全てのERRORと人間を支配し人類との戦いを楽しんでいたセレナだったが、ここに来てセレナすら利用されただけの存在だという事を人類は知る。

デルタの降臨、エラの登場、セレナの死───そして、この世界を本当に支配してきた存在は未だ姿を見せていない。

混沌とした戦場の中、甲斐斗は魔神に剣を構えさせながらエラと喋り続けていた。

「もしこの世界を操るERRORがこの時の為にアステルを利用してきたとすれば、ERRORが『絶対の理』の外に居る存在だとよく分かる。アカシックレコードすら支配してそうだな。そんな異次元級の化物の癖にやる事はどれもせこくて腹が立つ。俺はアステルと戦う事は別に構わねえが、この戦いが意図して作られたものだとしたら納得いかねえ。ERRORはマジで人間を……いや、この世の全てを弄んでやがる……お前もそう思うだろ?」

同意を求めるようにエラに向けて問いかけると、エラは寂しそうな表情で囁いた。

「そうだな、この世の全てを。な……」

甲斐斗はそんなエラの表情を見つめていたが、デルタの動く気配を察知し徐に機体を発進させた。

唯の乗る艦の前に瞬時に移動したデルタは右手を突き出し波動を放とうとしたが、寸前の所で魔神がデルタの前に立ち剣を振り下ろす。

魔神の剣を容易く回避するデルタだが、魔神は更にデルタに接近すると高速で黒剣を振り回し連続攻撃を仕掛けていく。

「唯ッ!聞いてるか!?」

デルタに攻撃を仕掛けつつ戦艦との通信を繋ぎ甲斐斗が声を荒げると、突然の通信に驚いた唯が直ぐに返事をした。

『は、はい!』

「ELBを置いて今すぐ全軍撤退しろ!ここは俺がなんとかする!」

突然の撤退命令。甲斐斗の言葉を聞いた兵士達は皆動揺し、指揮を執るはずの紳も今はいない為唯も困惑してしまう。

『えっ!?……撤退って、私達はまだ目的を果たしては───』

「俺が果たす。俺がデルタを破壊しELBを巣にぶち込んで起動させてくる。それで問題ないだろ?」

唯の心配を余所に甲斐斗は無理難題に近い事を平然とやってのけると言い引き下がらない。

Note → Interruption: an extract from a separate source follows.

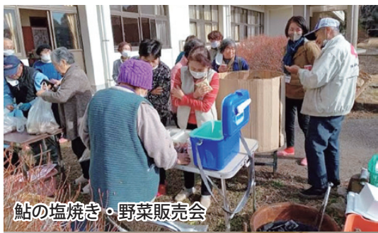
鮎の塩焼き・野菜販売会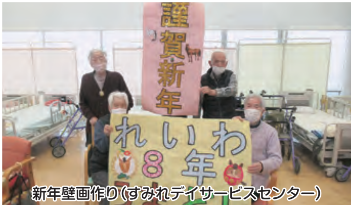
新年壁画作り(すみれデイサービスセンター)

『危険です!甲斐斗様を一人戦場に残して私達だけ撤退する事など出来ません!それにELBは地下にあるERRORの巣で起動させなければならないのですよ!?』

「まぁ聞け、地下までの穴を空ける必要はもうない。なんせデルタが勝手に作ってくれたんだからな、邪魔するDoll態ももういねえ。後はあの穴の中にELBをぶち込めばいいだけだ。簡単だろ」

デルタの超火力によりセレナは愚かその場の大地すらも軽々と掻き消し巨大な穴を作り出していた。

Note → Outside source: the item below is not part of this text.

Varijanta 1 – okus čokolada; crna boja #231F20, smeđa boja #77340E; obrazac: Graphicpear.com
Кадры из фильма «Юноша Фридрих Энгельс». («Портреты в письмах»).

既にELAを起動させる必要もなく、当初の目的とされる『ERRORの巣の破壊』に関しては残す所ELBを巣の中で起動させる段階となっていた。

「ここにお前達が残っていても邪魔になるだけだ、奴を倒せるのは俺しかいねえし。だからELBを置いてさっさと撤退しろって言ってんの」

NFとSVの協同で行ったEDPの時もそう、甲斐斗は同じ事を言っていた。

ここに来た理由はERRORの巣を滅ぼす事であり、無意味に戦場に残るのは危険に他ならない。

すると甲斐斗と唯の話しを側で聞いていた騎佐久が、二人の会話に突如入ってくる。

『どうしてそう一人で全てを背負い込もうとするのだろうね、余程自分の力に自信があるのか、それともただの馬鹿なのか……そんな君に提案がある』

甲斐斗の乗る魔神の操縦席、モニターには唯が映っていたが、別のモニターに騎佐久の姿が映し出されると淡々と話しを進めていく。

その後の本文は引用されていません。